RECORDS PROVIDED:

────────────────────────────────────────

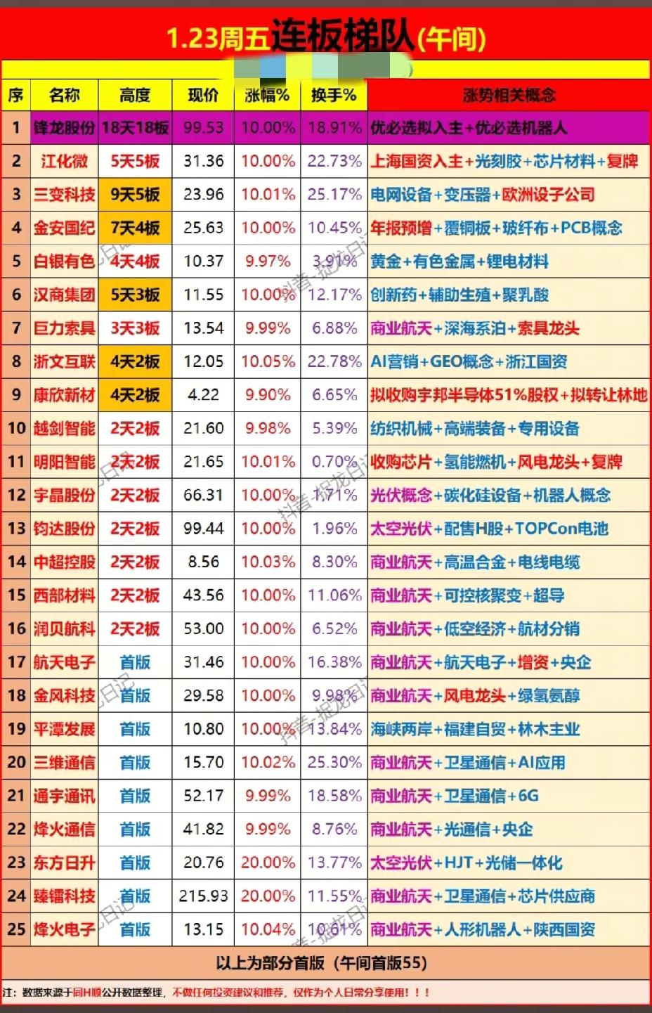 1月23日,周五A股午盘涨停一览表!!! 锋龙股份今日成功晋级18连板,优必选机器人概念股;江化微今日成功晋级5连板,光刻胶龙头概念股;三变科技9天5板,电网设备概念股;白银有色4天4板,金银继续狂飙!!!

────────────────────────────────────────

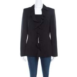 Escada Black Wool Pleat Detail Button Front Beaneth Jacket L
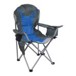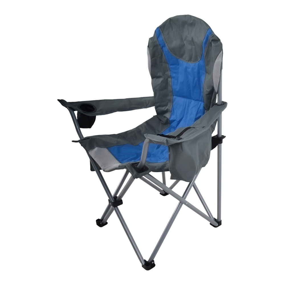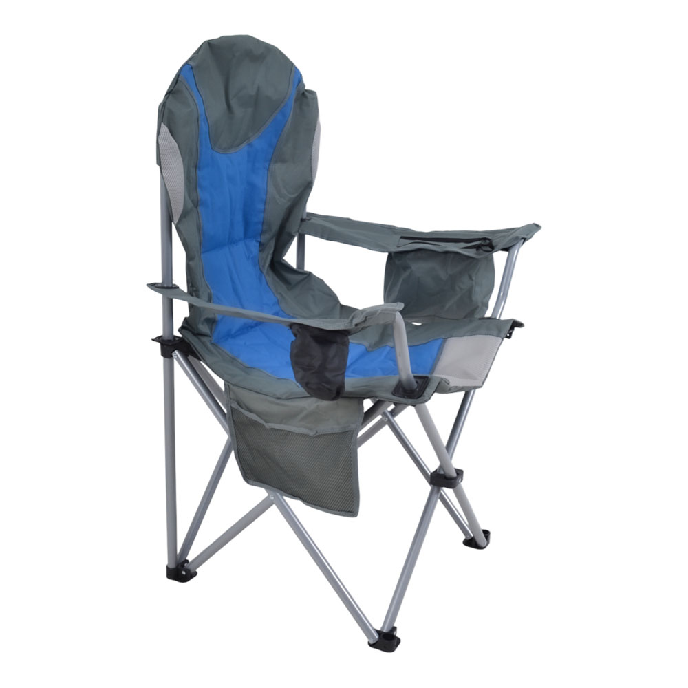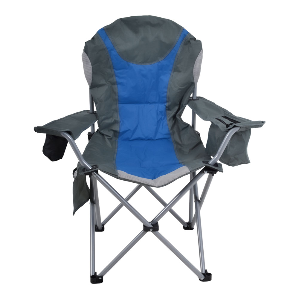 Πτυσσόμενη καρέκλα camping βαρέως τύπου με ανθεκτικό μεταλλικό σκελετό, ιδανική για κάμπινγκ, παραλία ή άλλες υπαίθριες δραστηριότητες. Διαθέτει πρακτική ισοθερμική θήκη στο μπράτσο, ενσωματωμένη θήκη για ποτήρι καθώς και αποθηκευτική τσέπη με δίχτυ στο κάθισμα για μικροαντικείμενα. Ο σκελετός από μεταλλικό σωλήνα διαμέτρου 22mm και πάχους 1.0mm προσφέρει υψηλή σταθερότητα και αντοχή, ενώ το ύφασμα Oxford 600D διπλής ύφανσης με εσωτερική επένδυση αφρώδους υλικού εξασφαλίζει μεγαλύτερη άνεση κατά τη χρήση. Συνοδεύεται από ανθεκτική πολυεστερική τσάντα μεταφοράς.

────────────────────────────────────────

WHAT YOU HAVE TO DO: From the listing above, repeat only the lines between the line containing "Escada Black Wool" and the line containing "Πτυσσόμενη καρέκλα camping", those two included. Pictures are not part of the copy.

TASK RESPONSE:
 Escada Black Wool Pleat Detail Button Front Beaneth Jacket L
 Πτυσσόμενη καρέκλα camping βαρέως τύπου με ανθεκτικό μεταλλικό σκελετό, ιδανική για κάμπινγκ, παραλία ή άλλες υπαίθριες δραστηριότητες. Διαθέτει πρακτική ισοθερμική θήκη στο μπράτσο, ενσωματωμένη θήκη για ποτήρι καθώς και αποθηκευτική τσέπη με δίχτυ στο κάθισμα για μικροαντικείμενα. Ο σκελετός από μεταλλικό σωλήνα διαμέτρου 22mm και πάχους 1.0mm προσφέρει υψηλή σταθερότητα και αντοχή, ενώ το ύφασμα Oxford 600D διπλής ύφανσης με εσωτερική επένδυση αφρώδους υλικού εξασφαλίζει μεγαλύτερη άνεση κατά τη χρήση. Συνοδεύεται από ανθεκτική πολυεστερική τσάντα μεταφοράς.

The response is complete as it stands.